Saudi officials who engage in anti-Shia speech rarely face
any reprimand for doing so. For example, on December 31,
2009, Shaikh Muhammad al-`Arifi, the government-paid imam of
the Buradi mosque in Riyadh, as well as Salih bin Humaid,
Saudi chief judge, visited frontline troops in southern Saudi
Arabia fighting Yemeni Huthi rebels, who belong to a branch
of Shiism, albeit different from that of most Saudi Shia. Al-
`Arifi can be seen in photos wearing camouflage, firing
weapons, and preaching to soldiers. Press reports said al-
`Arifi stressed the necessity of jihad (holy war) and
commended the soldiers for performing their national and
religious duty. Upon returning to Riyadh, al-`Arifi, in a
sermon on Friday, January 1, 2010 condemned the Huthi rebels
and called Ayatollah Ali al-Sistani--an Iranian living in
Iraq, who is the highest religious authority for many Saudi
Shia-an ``obscene, irreligious atheist.''
Meanwhile, Saudi authorities have taken steps to silence
Shia critics. Saudi domestic intelligence agents have been
holding Munir al-Jassas, a Shia who criticized state
repression against the Shia online, in detention without
charge for over a year. On June 22, 2008, authorities
arrested Shia cleric Shaikh Tawfiq al-`Amir, after he spoke
out in a sermon against a May 30 statement signed by 22
prominent Saudi Wahhabi clerics, in which they called the
``Shia sect an evil among the sects of the Islamic nation,
and the greatest enemy and deceivers of the Sunni people.''
Of the 22 signatories, II were current government officials
and 6 were former government officials.
In its annual reports on religious freedom on Saudi Arabia,
the United States Department of State has consistently and
accurately documented severe repression of religious freedom
and systematic violations against certain groups, including
especially the Shia. Yet, while the United States has for
years designated Saudi Arabia as a Country of Particular
Concern, it has failed to take meaningful steps to promote
reform in Saudi Arabia. The United States has continually
waived sanctions provided under the law, and aside from
issuing the annual report, has remained mostly silent in
public on the subject.
The United States has also applauded King Abdullah's
Interfaith Dialogue Initiative (IDI) as evidence of greater
promotion of religious tolerance. Cynical observers would see
the IDI as a promotional tour of Western countries designed
to soften Saudi Arabia's image of an exporter of religious
hatred. Uncritical supporters of the initiative claim it as
evidence that the kingdom is opening up.
Whatever its motivation, the fact remains that this
initiative abroad has had no policy repercussions at home.

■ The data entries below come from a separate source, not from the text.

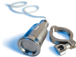
SC43SS Stainless Steel Sensor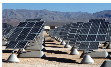
15 MW Solar power facility in Nevada, USA

Like hydro power, wind and solar power are renewable forms of energy. However, unlike hydro power, wind and solar power cannot be turned on just when required. They vary with the weather and time of day in sometimes unpredictable ways. Wind turbines typically require a minimum wind speed of around 10 km/h (3–4 m/s) and solar power cannot operate at night.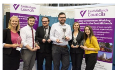
East Midlands Challenge 2023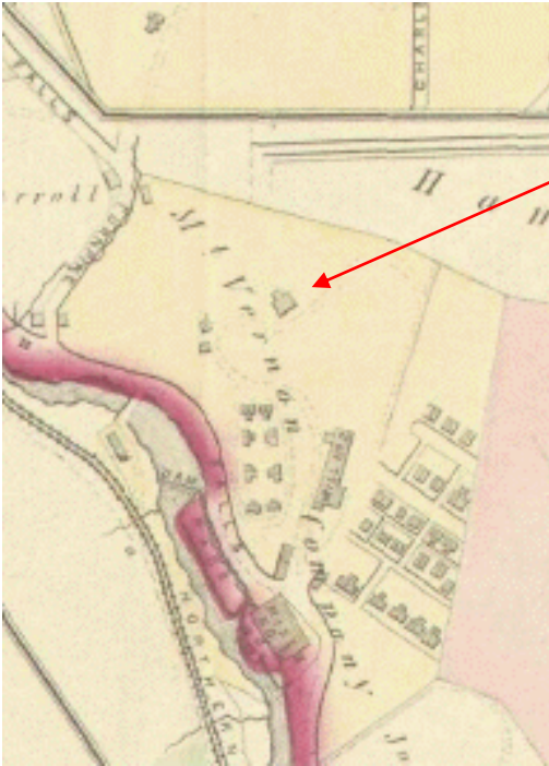
1876 map of the Mount Vernon Company. In City Atlas of Baltimore, Maryland and Environs (Philadelphia: G.M. Hopkins, 1876), Vol. 1, Plate R, pg. 68-69.

Saudis recognize domestic state-controlled media reporting on
the IDI as an official campaign, and it only serves to
highlight the stark contrasts between ideals upheld abroad
and the harsh reality of repression at home. If the United
States is serious about promoting religious tolerance in
Saudi Arabia, it cannot remain content to publish a report
once a year about religious repression or to praise Saudi
Arabia for symbolic commitments to religious tolerance.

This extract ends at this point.